身為村里會計竟然做假賬?不過想想這可是何春蔓的極品大伯,也就不足為奇了,何大海這個人有文化也有一定人脈,而且心夠黑,女主可是用好多年才把他徹底搞定。
只要不危及自己和母親,云落不想插手何大海的事,這個壞家伙自有女主來收拾,她不想招惹麻煩,眼下她有更重要的事需要做。
天邊泛起魚肚白時,距離清水鎮已經不遠,路上牛車馬車開始變多,道路狹窄拖拉機不得不慢下來,云落瞅準時機從車上跳下。
她的行為并沒有引起旁人注意,大家只以為他們一起來的,現在堵成這樣還不如她步行前進,況且再不下車可能要被發現。
云落從容地整理了衣服和頭巾,將腦袋裹得只露一雙清澈地黑眸后,將手插在袖子里,從何大海眼皮底下大搖大擺地走過。
大早上,鎮上收購站已經排了長長地隊伍,再有半個月就過年了,公社里異常熱鬧和繁忙,忙著收購各類牲畜和農產品,供銷社和食品公司也不輕松,各類副食品和生活用品、年貨根本供不應求。
上次來賣魚,她留意到汽車站就在收購站附近,云落轉轉悠悠來到車站觀察了一會兒進出的人,直到有司機大聲喊:“往茂安縣的車要開了,還沒買票的快點!”
這一嗓子過后,不少提著大包小包的人連忙往車上擠,云落也立刻跟了上去,卻被售票員攔了下來:“哎,那小孩你站住,車要開了,你一邊玩去。”
云落身子一僵,回頭卻傻乎乎道:“姐姐,俺剛剛去茅廁了,俺娘在上面等俺呢!就戴綠頭巾那個。”

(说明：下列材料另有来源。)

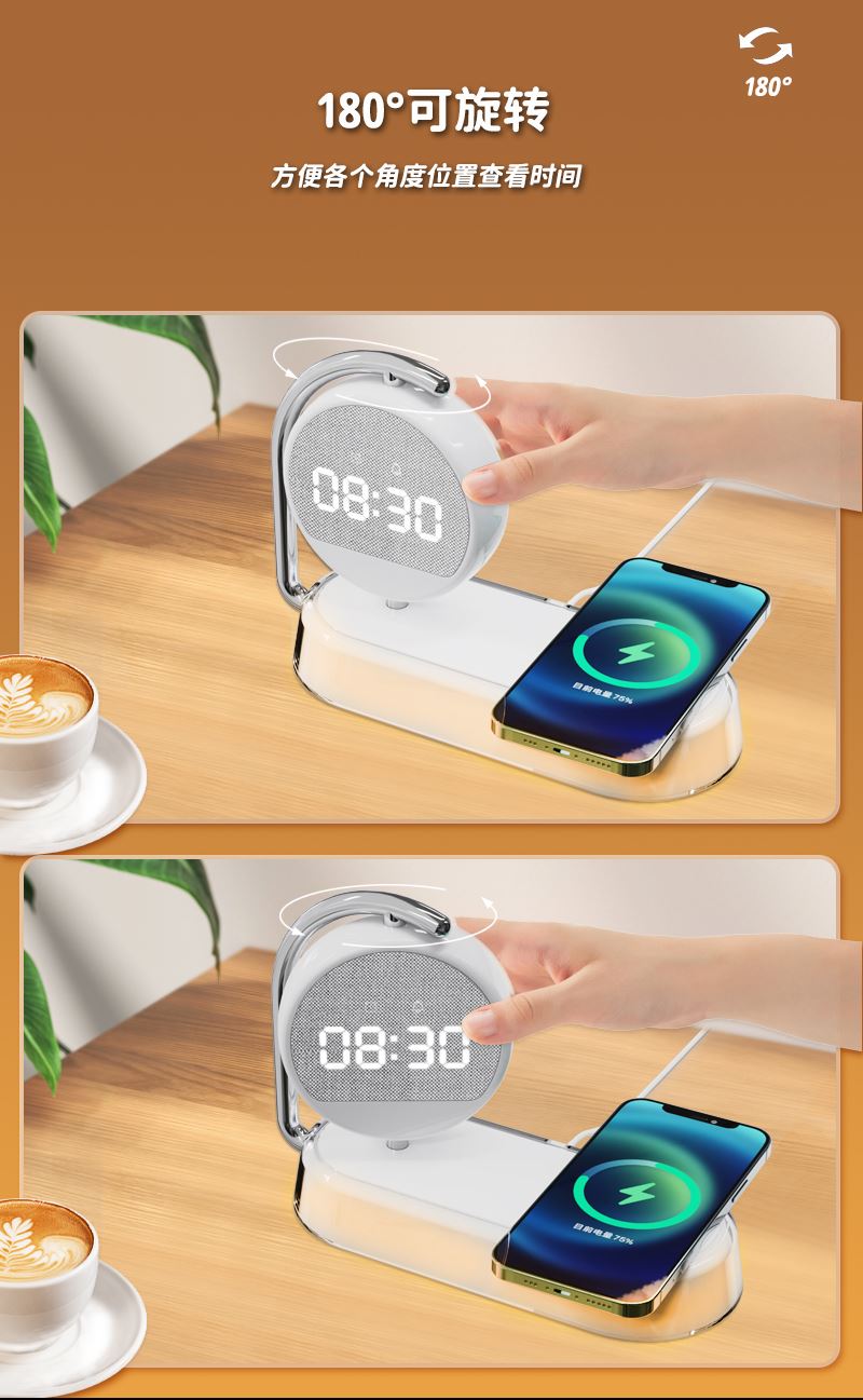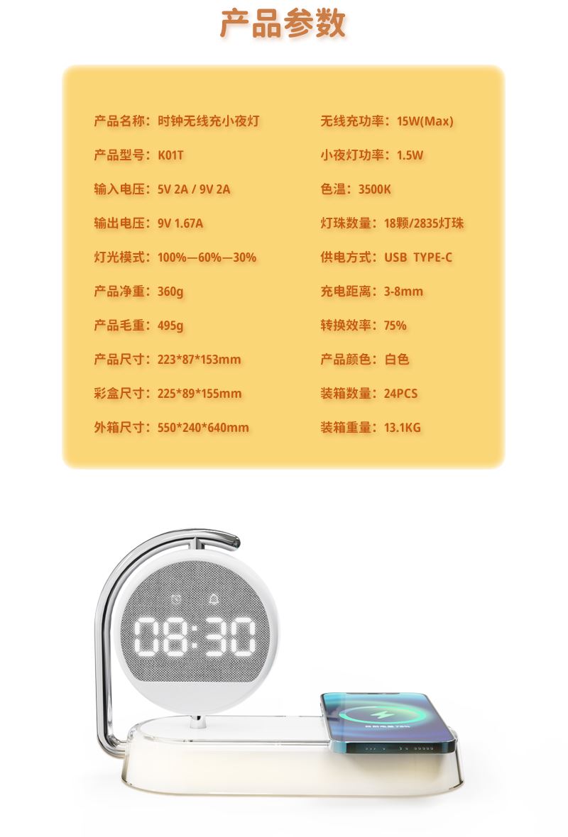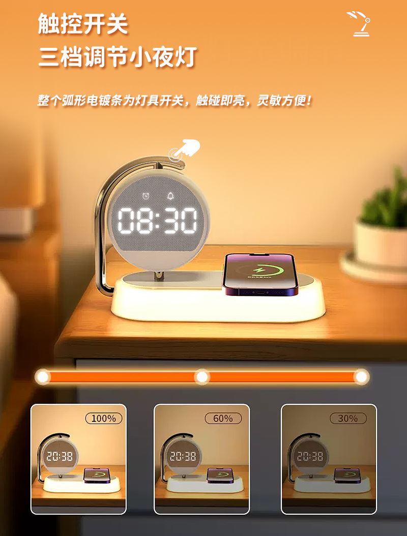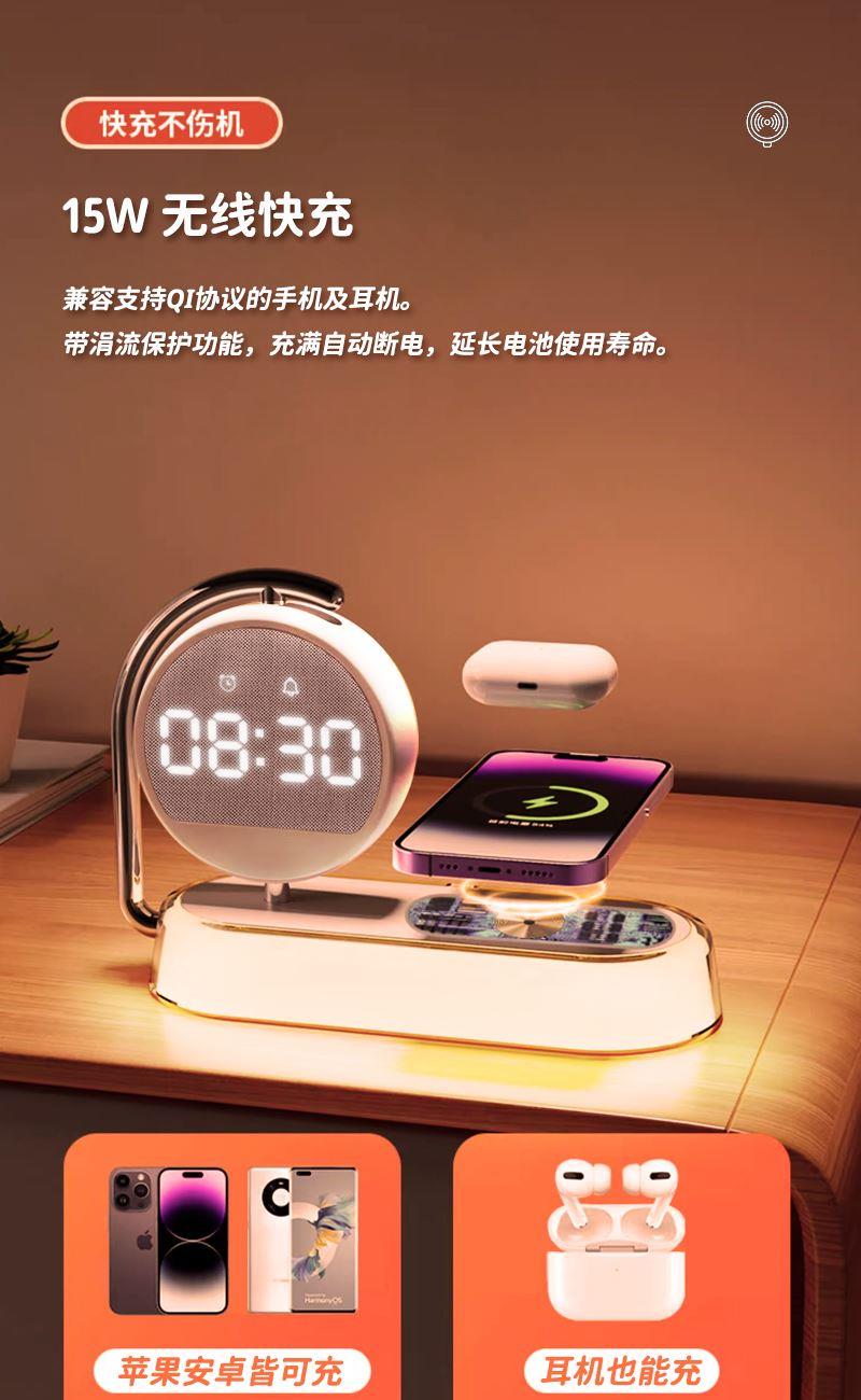 奥苏米小时光小夜灯闹钟无线充
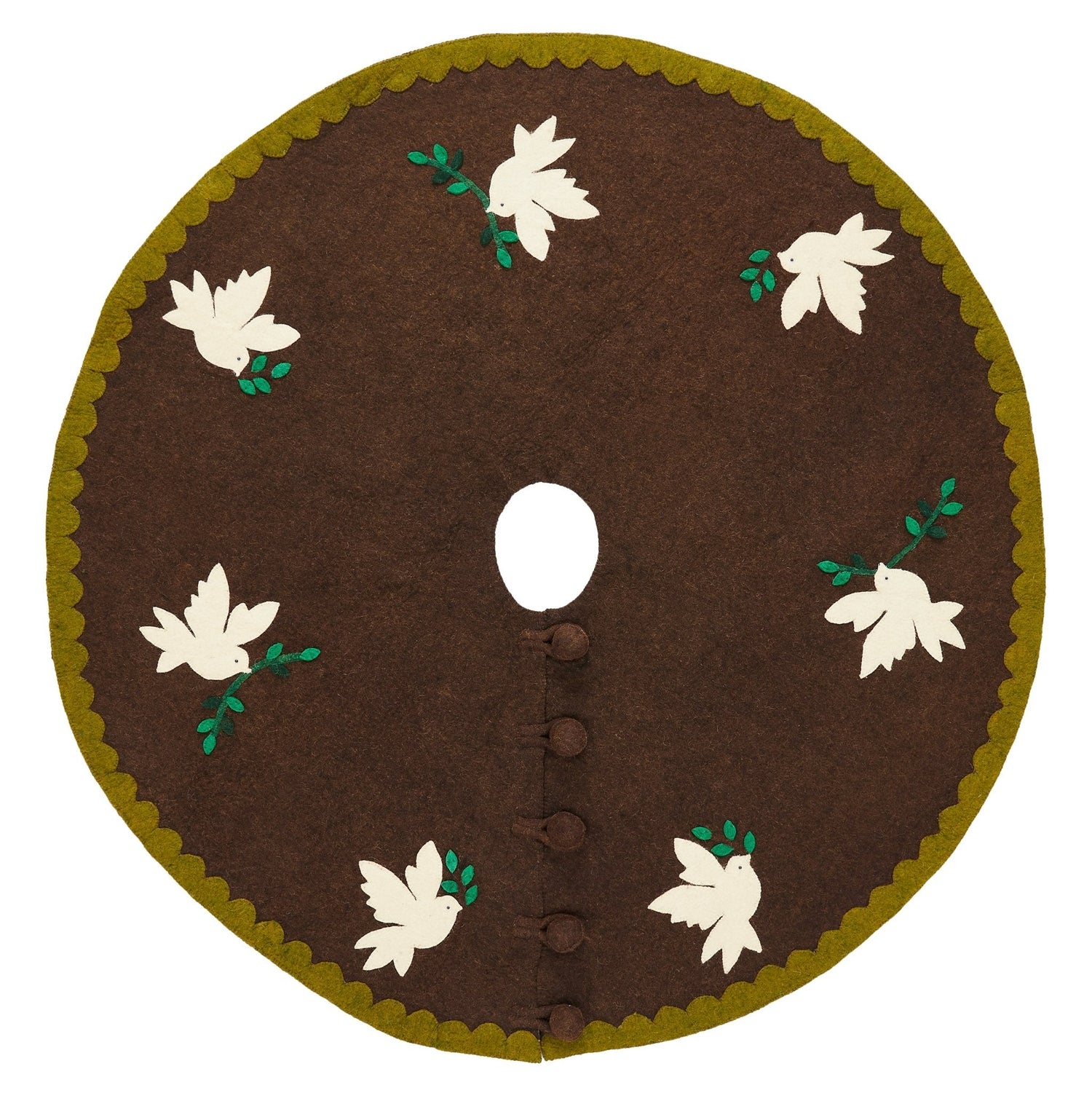 Handmade Doves Brown Christmas Tree Skirt Hand Felted Wool - 60" Arcadia Home
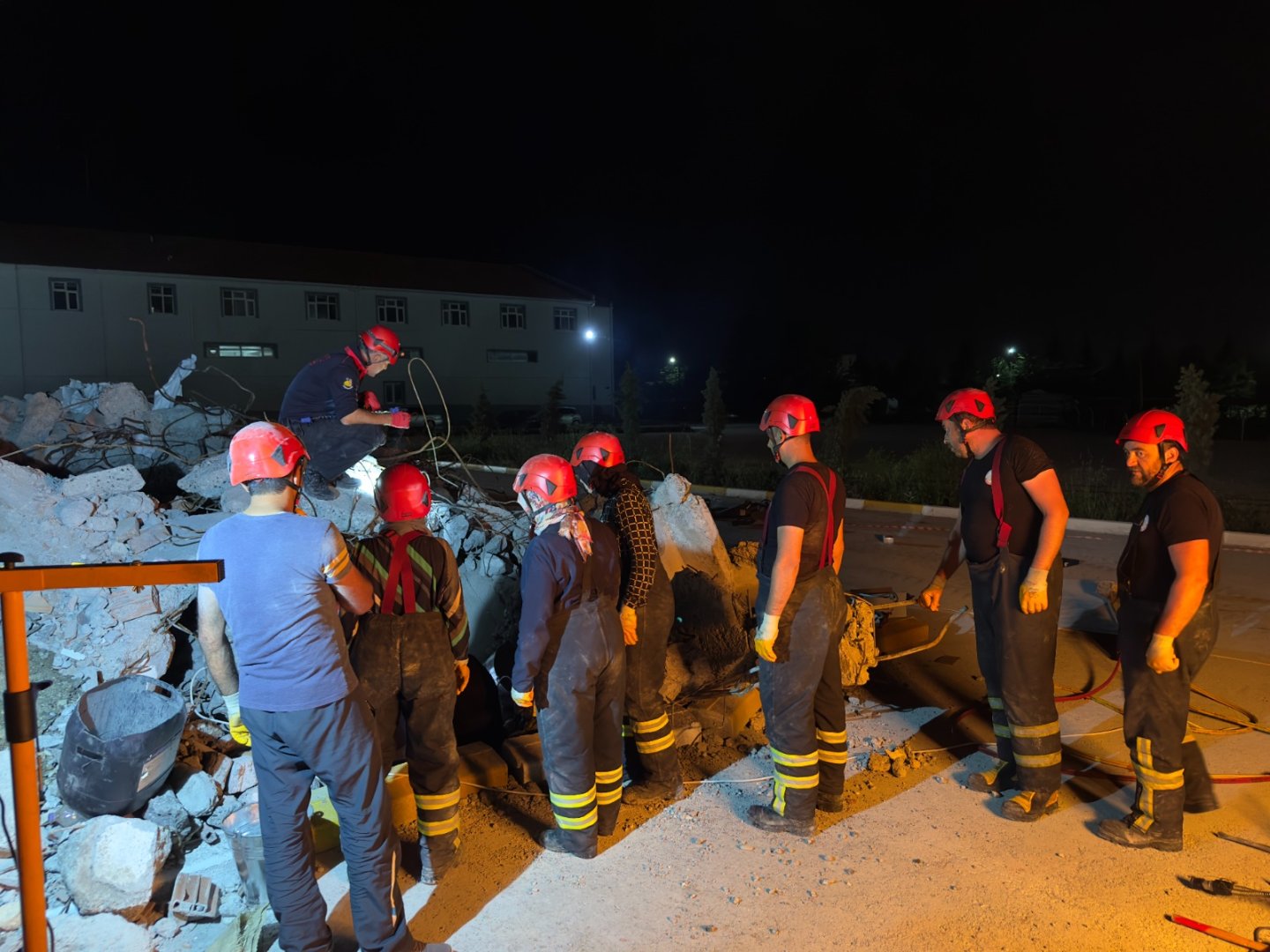 Çorum Belediyesi tarafından olası doğal afetlerde görev yapmak üzere oluşturulan arama kurtarma ekibi eğitimlerini sürdürüyor. Gönüllü personel içerisinden oluşturulan ilk grup ise eğitimlerini tamamladı. Eğitimin son gününde, gece saatlerinde göçen bir binanın altından arama ve kurtarma çalışmaları gerçekleştirildi. Artama kurtarma ekibinin zamana karşı yarışı gerçek görüntüleri aratmadı.
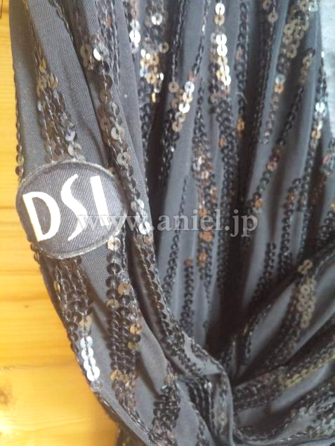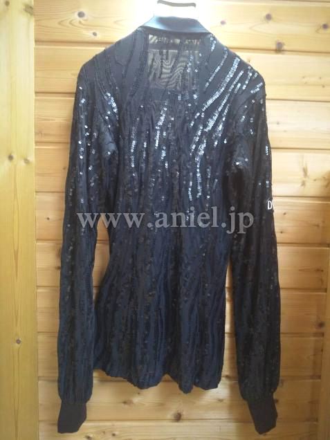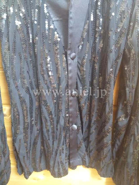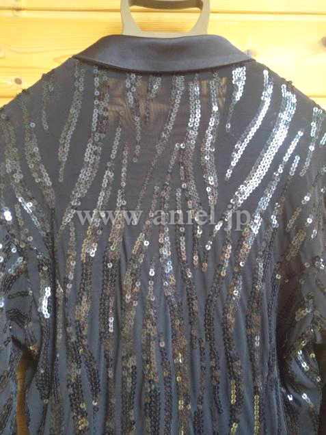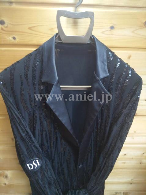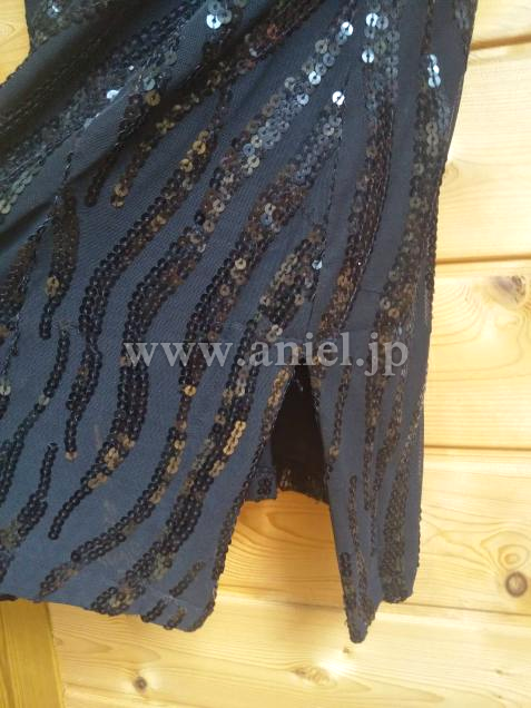 伸縮性のあるソフトな生地です。全体にスパンコールの装飾があり両サイドにスリットがあります。スリムに見えるデザインで動きやすくフロア映えします。袖口に経年劣化があります。
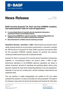 Düsseldorf, Germany – December 1, 2022 – Natural-based care products meet a rapidly growing demand for environmental consciousness in consumers’ everyday life. With the launch of Euperlan® NL Pearl, BASF’s personal care business offers the first wax-based COSMOS compliant pearlizer for personal care products combining excellent performance with sustainable benefits.

姐姐?自己看起來很年輕么?模樣三十來歲的售票員心里美滋滋,然后十分痛快的在云落手上按了個戳便放行。
果然哪個年代的女人都一樣愛美,司機瞅了眼云落手背上的戳讓她趕快上車,車上人不多,她走到最后一排挑了個靠窗的位置坐下。
穿到這個年代一個多月,云落還是第一次出遠門呢,她興奮地看著車外兩旁的風景,畢竟現在難得有機會出門。
村里的人無論去哪兒都得村長開介紹信,要寫清楚哪里人士,要去哪兒,去的原因以及去的天數都要有,再然后生產隊上蓋了章才能出門,沒有村上蓋了公章的介紹信,簡直寸步難行。
半路上又有人上車,云落身邊坐了一個二十來歲的年輕女人,她似乎是個話多活潑的人:“小妹妹你家人呢,怎么自己一個人坐這兒啊?”
云落撇了她一眼,指著坐在前面裹綠色頭巾的女人:“俺娘和弟弟坐前面,沒座位就自己下來坐了。”
弟弟帶在身邊,女兒丟在后面?年輕女人同情地看了云落一眼,瘋狂地腦補著。
“姐姐,你知道茂安紡織廠怎么走么?”
“呃?你和你娘第一次來茂安啊?這個簡單,你們出了車站往左一直走,走到底往右再走上兩里路,就在那附近。”
云落大概心里有譜了,女人的聲音漸漸在她耳邊飄遠,她不禁回憶起昨天下午張菊英母女的對話。
為了弄清弟弟究竟在什么地方,她耗費大量神識誘導著云雪梅問張菊英,弟弟被送哪兒去了?最終把老太太纏得煩了,加上對自己女兒沒戒心便一股腦地說了出來。
據老太太說當初饑荒才過沒幾年,日子難熬,她老姐妹家親戚的兒子在城里上班,因為生不出來就想花錢“收養”一個,老太太便把那孩子“送人”了,這樣換來了二十斤大米,四十斤玉米和十五塊錢。
她必須盡快找回那孩子,只有那孩子出現才能快速斬斷母親與云家的關系,他應該是有四歲了,只知道那是一戶姓孫的人家,叫什么名字老太太早已不記得。
想到這這些,云落既無心與旁人聊天,也無心看路兩旁的景色,車一到站她便沖下了車。
“大姐,你家孩子都下去了,你不快去看,別再丟下她了。”見云落走了,那個年輕女人對綠頭巾大姐說道。
綠頭巾大嬸:這姑娘怕是個傻的吧,真可惜,年紀輕輕地就傻了。
☆、23.一波三折!
出了車站云落很吃驚, 這和她想象中的縣城不一樣啊,比她預期的還要落后。
城里主干道是青石磚鋪的, 路面很多地方凸一塊凹一塊, 有的地方還缺失了磚塊, 變成一個個小坑, 行人稍不留神便會一腳踩進去。
云落邊走邊看, 街兩旁大多是兩層的老建筑,街上行人熙熙攘攘, 有很多穿著藏青色工裝的人,原來是紡織廠工人們下班了。
頭上的烈日似乎吹不散這冬日的寒冷,街道上飄著食物的香味不斷引誘著云落, 她的腳步越來越慢,最終停在一家賣包子饅頭的副食品店門前。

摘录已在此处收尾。